Carla is the rough and foul-mouthed waitress who spends more time yelling at customer’s than getting their drinks.  Frasier and Diane are the bar intellectuals who help attract the educated audience.   In real bars there are tons of “Norms” whom come in everyday to get a beer, make fun of themselves, and to get away from their homes.  This reflected so many Americans whose families were not functioning well, their professional life was failing and they just need someone to talk to.  Woody made sure nothing got to serious by showing his immaturity and ignorance.


This show tried to avoid social matters even though the character’s were working class people and took place in a time where being politically correct was needed.  Having said that, moral issued arrived in every episode, although the concept of telos will not find it’s way in this bar.  In this episode Diane is preaching on how she does not care about a man’s appearance, rather for what is in his brain.  When Diane meets the man of her dreams (smart, witty, and charming) she is torn because of how unattractive she finds him.  When she goes to break up with him, she is surprised to hear that he in fact has moved on from her.  Diane is relieved but ashamed that she let someone’s appearance dictate her feelings for him.

This program relates to the culture of time.  LGBTQ was not as evident as it is today, so the writers essentially crossed out that demographic.  Also fewer women were working than in today’s world, and even though Diane and Carla were employees they were only waitressing.  They had to listen to Sam, their male boss, which was the “status quo” in the 1980s.  A few characters had “power” or “domination” in this show.  Sam was the owner of the bar so he had power of Diane, Carla, and his customers.  Diane had the ability to confuse Sam’s empty head with her whit and jokes about his manhood.  Carla had the physical power to get what she wanted no matter what.  People (especially Cliff) feared her and customers would tip better so she would not lash out at them.  That being said, everyone has a voice and the ability to ask questions.  The customers had the same importance as the workers, which blended nicely.  Sam once scolded Diane for pretending to care about a man’s intellect when all that mattered to her was their looks.  He says, “Name one other reason (besides his looks) why anyone would go out with me. Can you?” She slyly says she cannot, without pointing out how he just insulted himself.  Her smile confuses Sam as the scene ends.

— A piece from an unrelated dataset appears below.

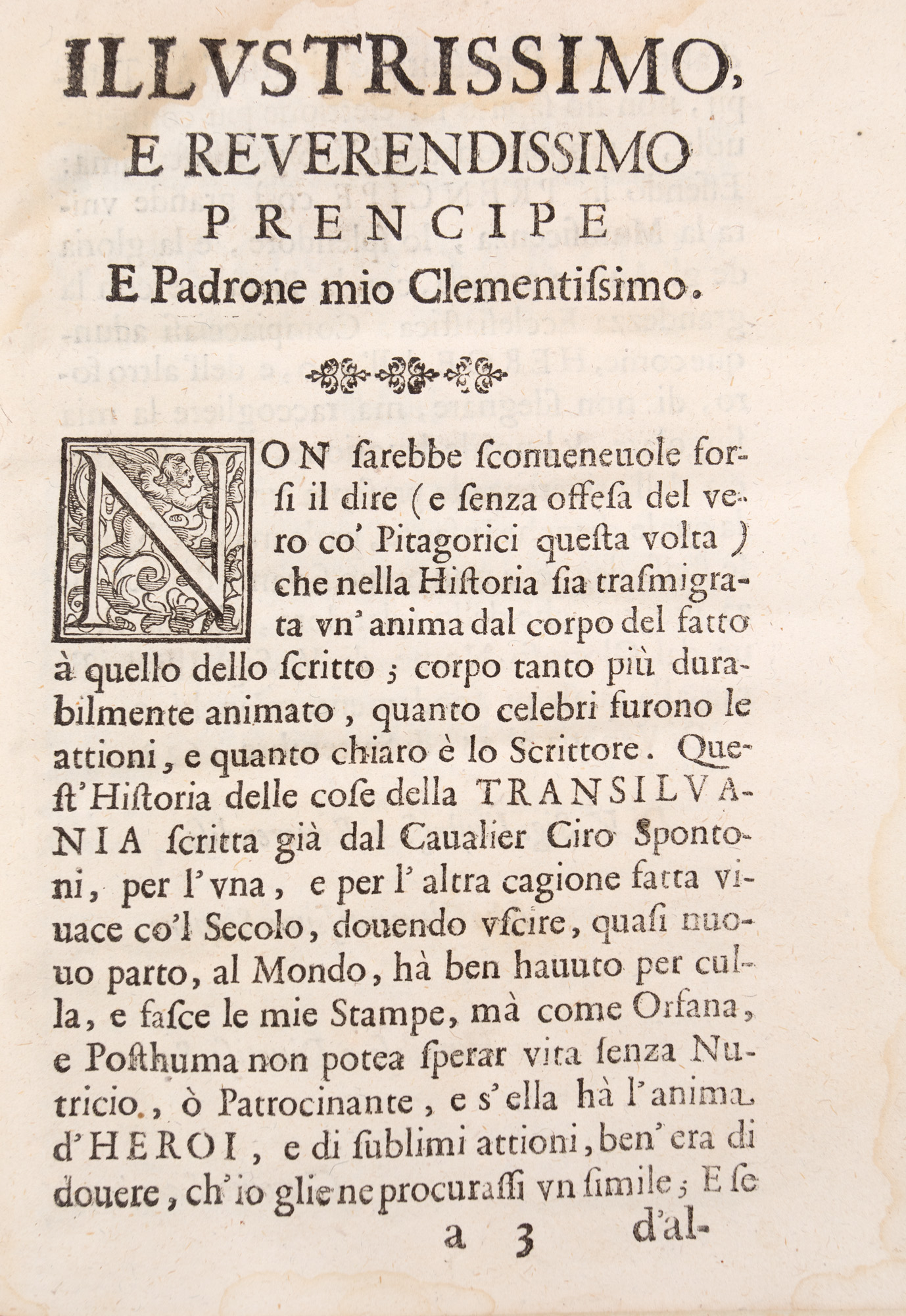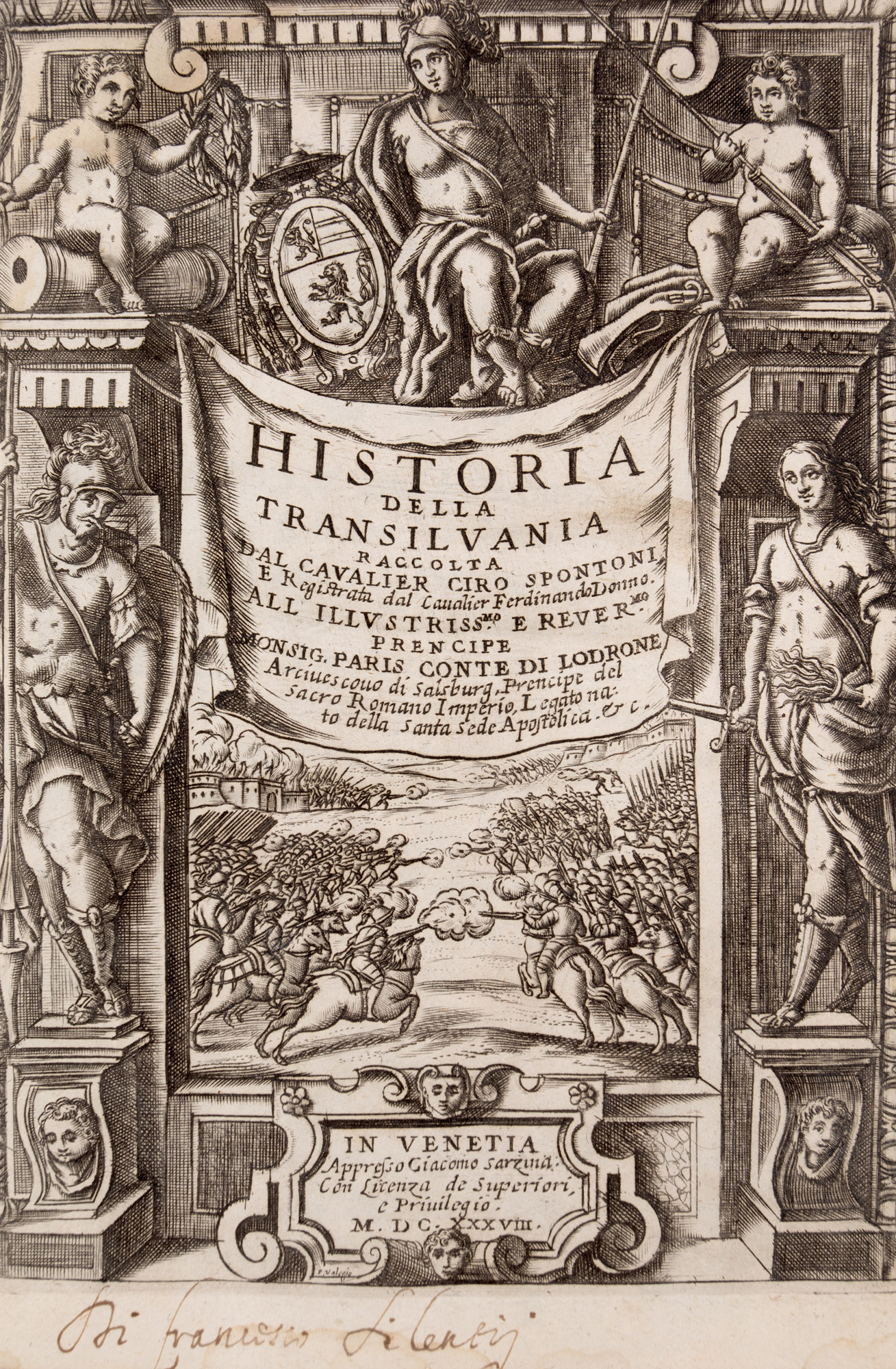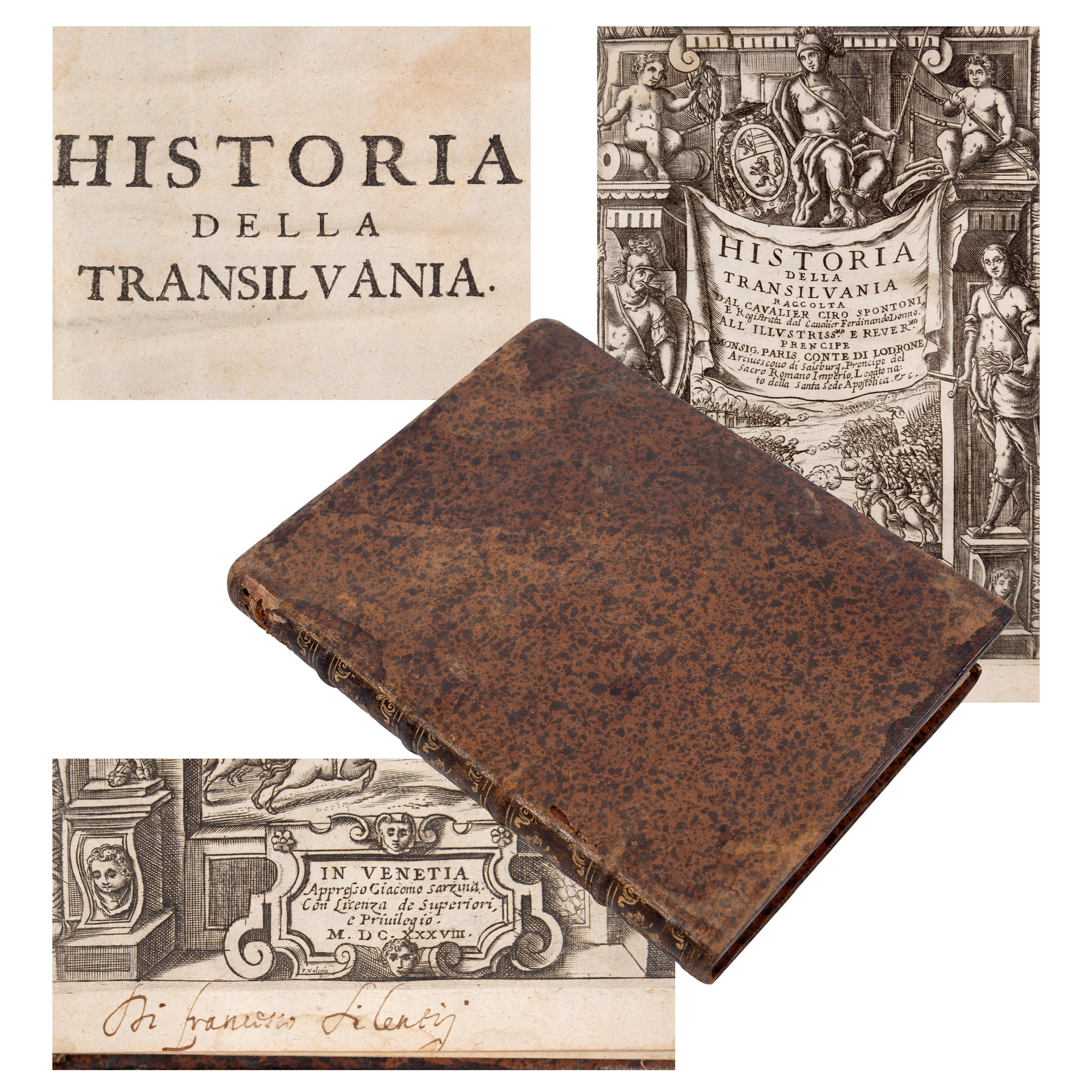 Cartea lui Ciro Spontone este completă, având 16 file + 351 pagini. Legătura cărții este din tăblii de carton învelite în piele de culoare maro, marmorată. Pe cotor se află imprimate ornamente de compoziție tipografică și succesiuni de vrejuri aurite. Din punct de vedere artistic, atrage atenția ținuta grafică îngrijită; frontispiciile, inițialele ornate și vignetele, dar mai ales gravura paginii de titlu.Ciro Spontone, scriitor și poet italian, originar din Bologna. În timpul vieții a îndeplinit funcția de secretar al guvernatorului din Ancona, C. Boncompagni, a lui L. Bentivoglio din Castelo, al ducelui de Nemours din Torino, al marchizului Marco Pio de Sassuolo și a a lui marchizului de Castiglione, Rodolfo Gonzaga. În răstimpul cât s-a aflat în serviciul lui Gonzaga a scris cartea despre războiul din Transilvania. O perioadă scurtă de timp a fost guvernator în Rovigo, iar între 1600 și 1610 secretar al Senatului din Bologna. A scris, printre altele, poema Nero (1588), Hercule difensore d,Homero (1595), Dodici libri del governo di Stato (Verona, 1599), La corona del principe (Verona,1590), Il Bottrigaro (Verona, 1589) e Hercole difensore di Homero (Verona, 1595), un comentariu asupra poeziei lui Tasso (Verona, 1587), și Attioni de’ re dell’Ungheria (Bologna, 1602), celebra Metoposcopia, și Historia della Transilvania (Venezia, 1638). Cartea Historia della Transilvania este de un real interes pentru istoria românilor și a lui Mihai Viteazul. De fapt, ca secretar al generalului austriac Basta, a redactat memoriile acestuia, sub titlul anunțat, pe care a tipărit-o în anul 1638, la Veneția, în imprimeria lui Giacomo Sarzina. Din punct de vedere istoric, memorialul militar oferă o frescă impresionantă asupra realităților sociale-conomice, politice și militare din spațiul carpoato- dunărean din epoca lui Mihai Viteazul. Exemplar original, prezintă gravuri și decorații însemnate, se află în stare bună de conservare și are valoare patrimonială deosebită.

Moments of intertextuality are evident throughout the episode.  For instance, Carla mentions the Red Sox.  That Boston baseball team is very near and dear to my heart so when the discuss it, I enjoy the show more.  There is also polysemy in this show being comedy and romance mixed into one.  People go to bars trying to find another mate.  The main plot line in the first five seasons was the on/off relationship of Diane and Sam.  That was included in almost every episode, but along the way Cliff, Norm, Carla, and Frasier developed into their own plots.  The intention for the program is showcase a place that is strictly for fun and to forget your troubles.  The bar is a place where people could go to the bartender to listen but not get into their business.  They are not trying to persuade anyone or inform the audience.  I think this show could influence viewers by having them relax about their problems.  So many times have characters came into the bar with anxiety about an issue only to have it resolved later.  They could also influence how viewers view fashion, hairstyles, and body image.  Look at Woody, he is an attractive guy but he is definitely on the skinnier side.  He showed men that they do not have to be muscular to find interested women.  Diane was a model for average women.  She was attractive but was not a size 0.  She brought “classiness” look with her wardrobe and tall hairstyle that many women emulated.

What makes Cheers so likable is their rich dialogue, realistic setting, and a wonderful cast.  The stories are full to the brim with jokes and the dialogue is as witty as can be.  Each character has people who can relate to them, either by their looks or attitudes.  Cheers has the ability to make their audience feel a part of what is happening on TV.  It is certainly a once in a lifetime show.